To scale the Google search service, then, they figured that many large problems did not intrinsically require doing actions one at a time. But Google first had to free itself of the false dependencies. So they coined the term MapReduce and created both a set of operations and a way to store the data for those operations natively, all while preserving the natural independence that is inherent in each problem, building the whole mess atop the remarkable Google File System, which I’ll cover some other day.

Google led the way but many other companies have followed suit, opening doors to a wide range of new ways of thinking about large-scale data manipulation. Suddenly there are different ways to store the data, new ways to write applications, and new places (thousands of cheap boxes) to run such applications.

What this does for Larry Ellison and his libido is a great question, because it looks like he’s bought up most of the traditional database-centric software industry just in time for it to be declared obsolete.

Sorry Larry.

Comments from the Tribe

Status: [CLOSED] read all comments (48)

Think of the overhead and the layers of cruft needed to make a web app with a data store back-end...

How about HTML->[language]->database? Hardly 'cruft', especially since the database can guarantee integrity so different languages and front-ends can talk to it without risking corruption.

We never question this assumption... but, I think the ugly duckling is clearly SQL - we need to throw that away, rather than extending it

Here I find myself in agreement, but for completely different reasons. SQL is a *bad* implementation of relational logic, and better languages have been designed. The key is not the language but the logic.
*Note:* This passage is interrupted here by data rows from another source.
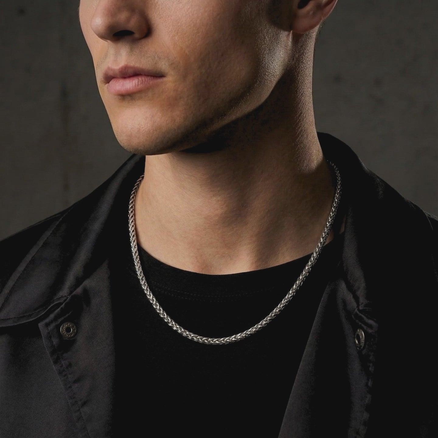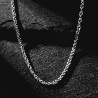 This Wheat Chain necklace is a timeless piece, engineered for daily wear. Crafted from Swiss Watch Grade steel, it's built to outlast trends and maintain its shine. Wear it alone or layer it with other chains for a personalized stack.
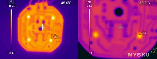 Вне корпуса нагрев светодиодов ~90C, драйвера 70C при 30C окружающей среды.
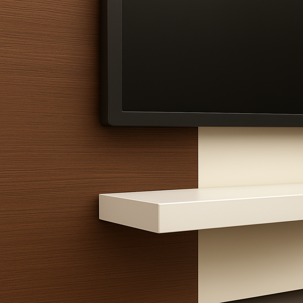 - Optional set-top box shelf or tray, and panel cutouts for HDMI, power access, or device storage integration.
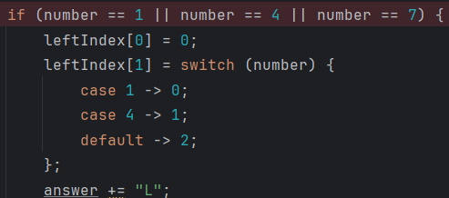 1, 4, 7 일 떄는 왼손으로 터치해야 되기 때문에 먼저 현재 왼손의 위치를 숫자 패드의 위치에 맞게 왼손 위치 배열의 값을 변경해줄 때 향상된 switch 문을 통해 간단하게 대입해주고 String answer 변수에 "L"를 더해주었다.
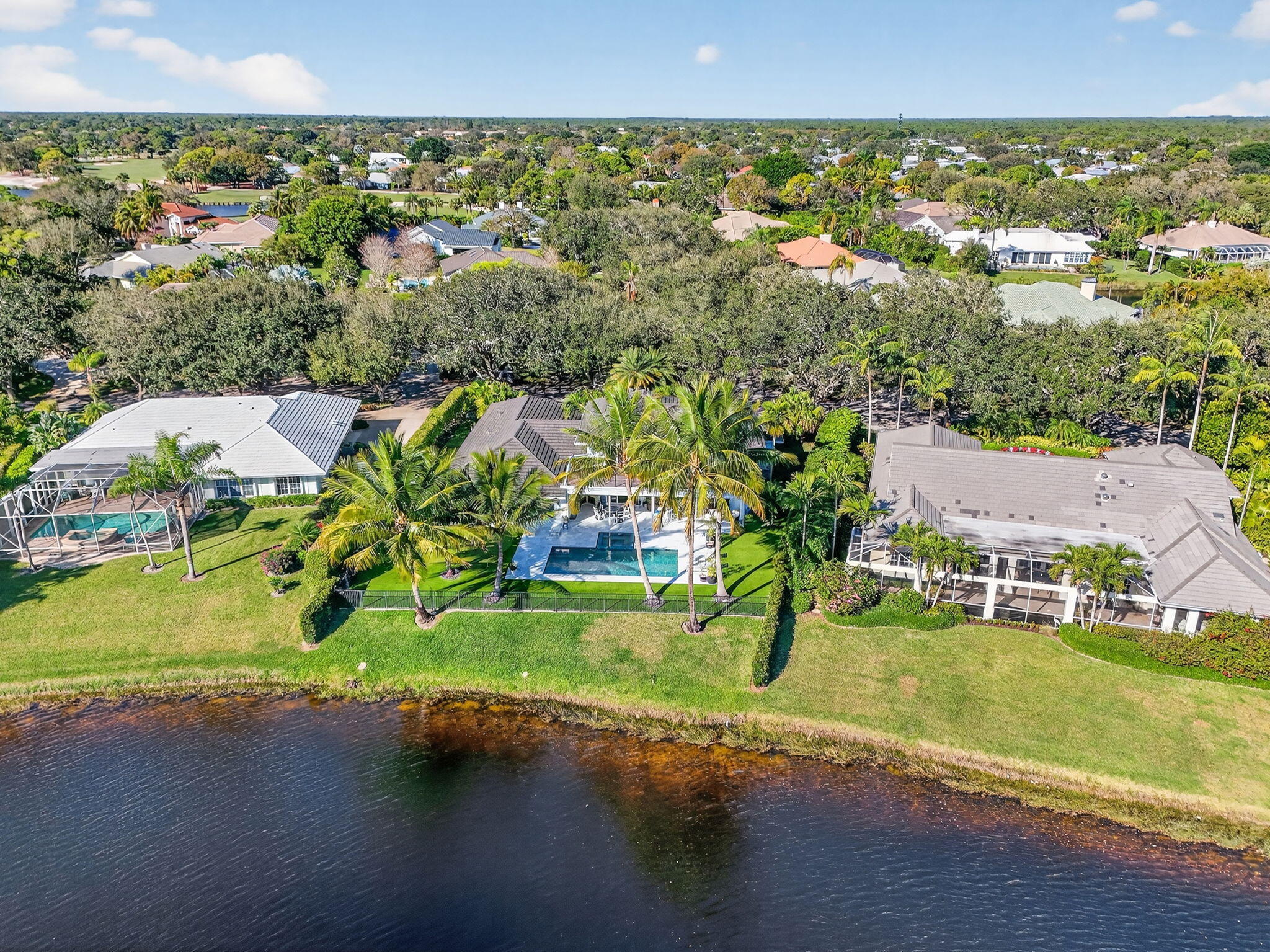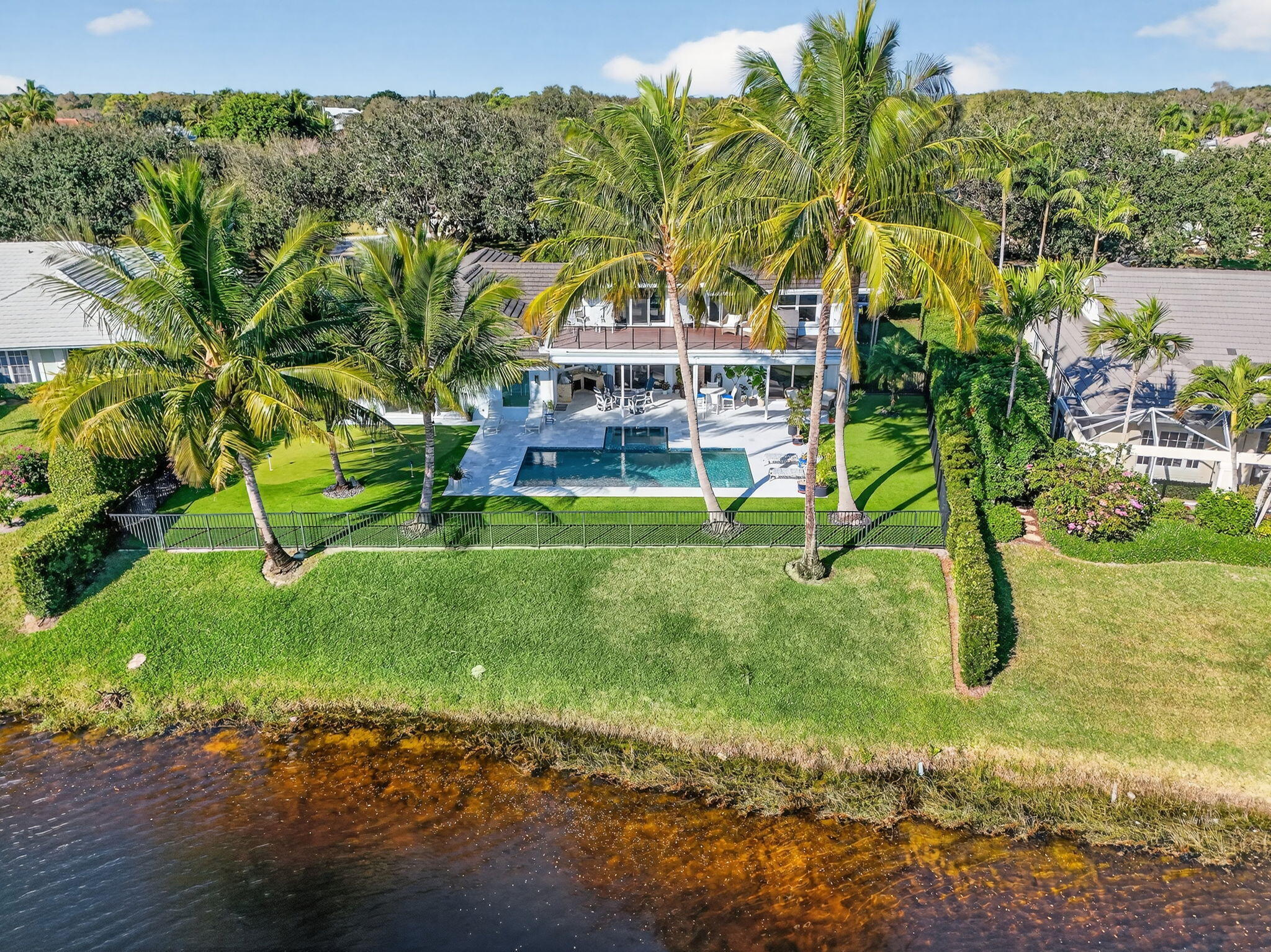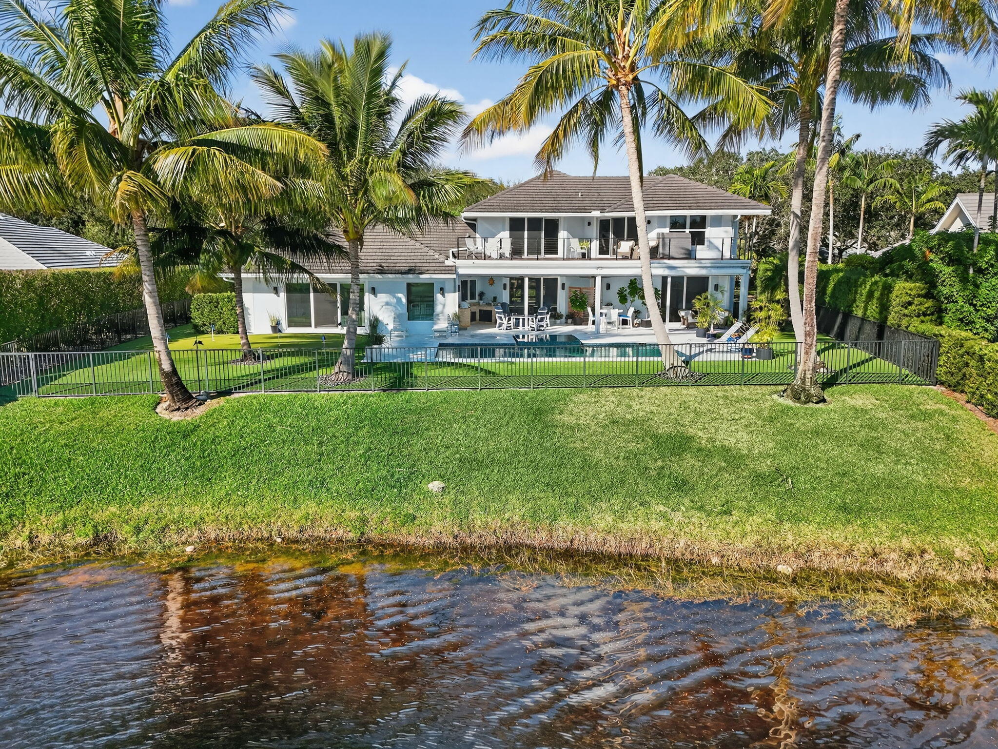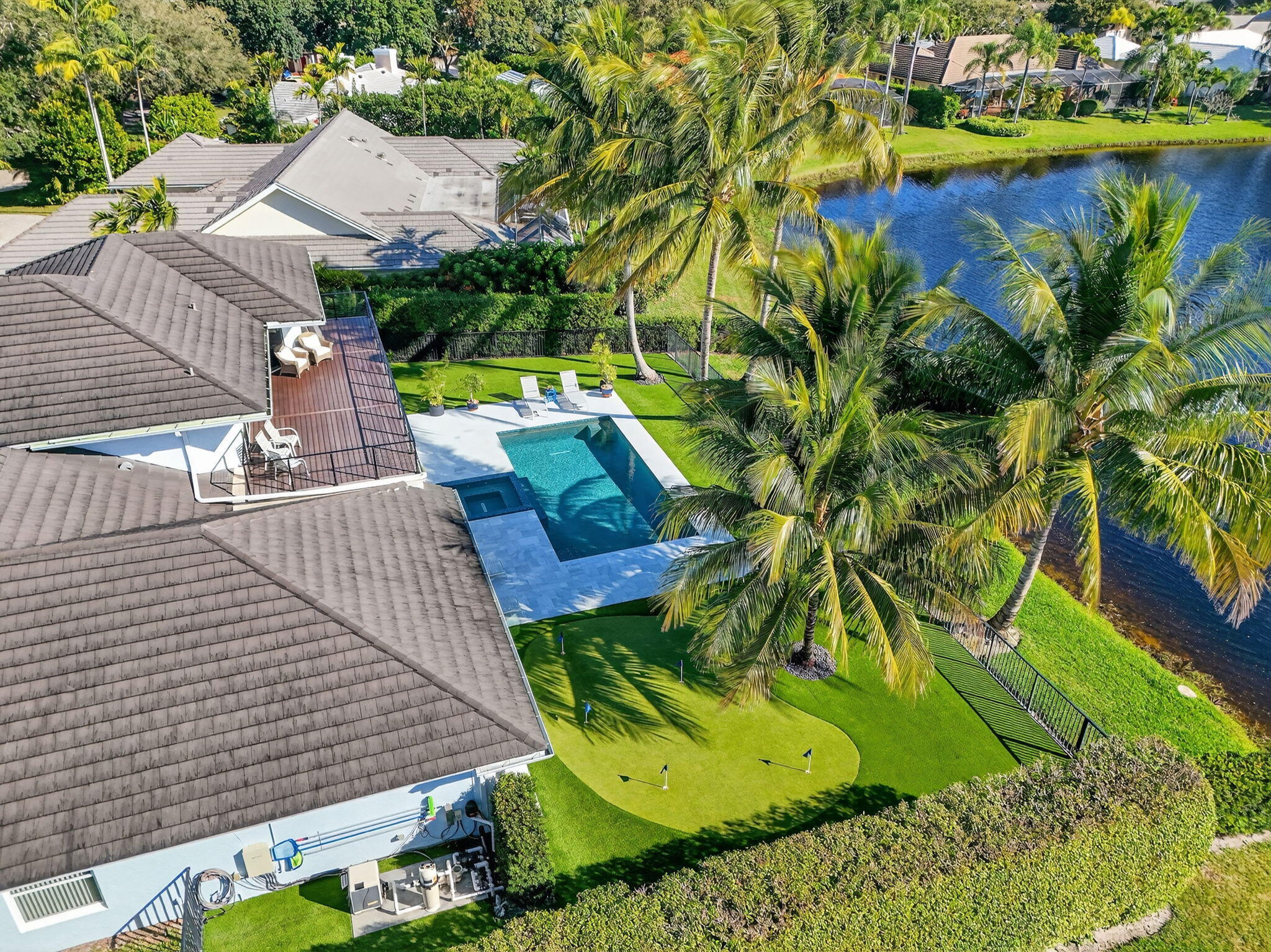 Breathtaking lakefront home in Heritage Oaks with Eastern exposure. Sanded marble pool deck and turf backyard with a putting green. Lovingly renovated by the current owners with high end finishes that include solid 8 foot interior doors, wide plank oak floors, gas appliances that include Dacor and Sub zero, Icynene insulation, 2 4-ton A/C units ( 2024 and 2020 ), RJ6 (cable TV ), Cat 6 Ethernet., and a full house 24k generator. Solid CBS construction, Impact windows and doors and retractable hurricane rated Magna Track screens ( 2025 ) give added piece of mind. 2 primary bedrooms ( one on main level and one with a massive deck). 3 garage spaces and air compressors for all of your toys. Heritage Oaks is a gate guarded community that has oak tree canopied roads and 6 tennis court

No matter how you implement it, if you want to be able to make set-based constraints and relationships, you need something 'relational'.

Replace it with a legit modern programming language [be it python/arc/lisp/ocaml/ruby/F#...] which has succinct, readable ways to express operations on data. Have an event mechanism inbuilt into the language - you wont need to have 12 flavours of stored procedure dialects just to run some code when data changes, or new data arrives.

There is a better way.

And here we have the complete face-palm moment. "Succinct... readable..."; how much more succinct can you get than "SELECT a FROM b WHERE condition"? (OK, some of the non-SQL relational languages let you leave out the "SELECT"...). Simply put, again: it's NOT about the language, it's about whether you need to enforce certain logic on your data. If you did that with Ruby, you would have... a Relational system--albeit an insanely slower one than the heavily-researched and optimized ones you have nowadays.

Rick Morris | Oct 10, 2008 | 3:09PM

The biggest fallacy I see being discussed here is what C.J. Date and colleagues refer to as the logical/physical confusion.

The "Relational Model" is a term originally meant to describe a theory of working with data wherein the user or developer can access and control data simply by making declarative logical statements. There is nothing in that theory that requires a certain programming model to the underlying engine, or even whether the data need be written to disk. Those are questions of implementation. There is no instruction as to whether threads are allowed. In fact, the 'transaction' is not really a part of the relational model. Those are all just issues of what mechanisms the database engine programmers use to achieve the logical goals of the model. Ditto for the choice of language.

The only intent of the relational model was to provide a set of axioms to create a data management engine which a) provides a consistent logical method of dealing with data, and b) can guarantee whatever level of data integrity is desired by the user (example: don't allow an invoice to include items that are not in stock, etc...). How the DBMS accomplishes this goal is up to the developer. Ergo there is no need to foresee the death of the relational database, but rather to look for the interesting methods used to meet new challenges.

Rick Morris | Oct 10, 2008 | 3:45PM

Bob, thanks for the explanation. I think you need to be a bit more explicit in that 3rd to last paragraph.

Dave | Oct 10, 2008 | 5:29PM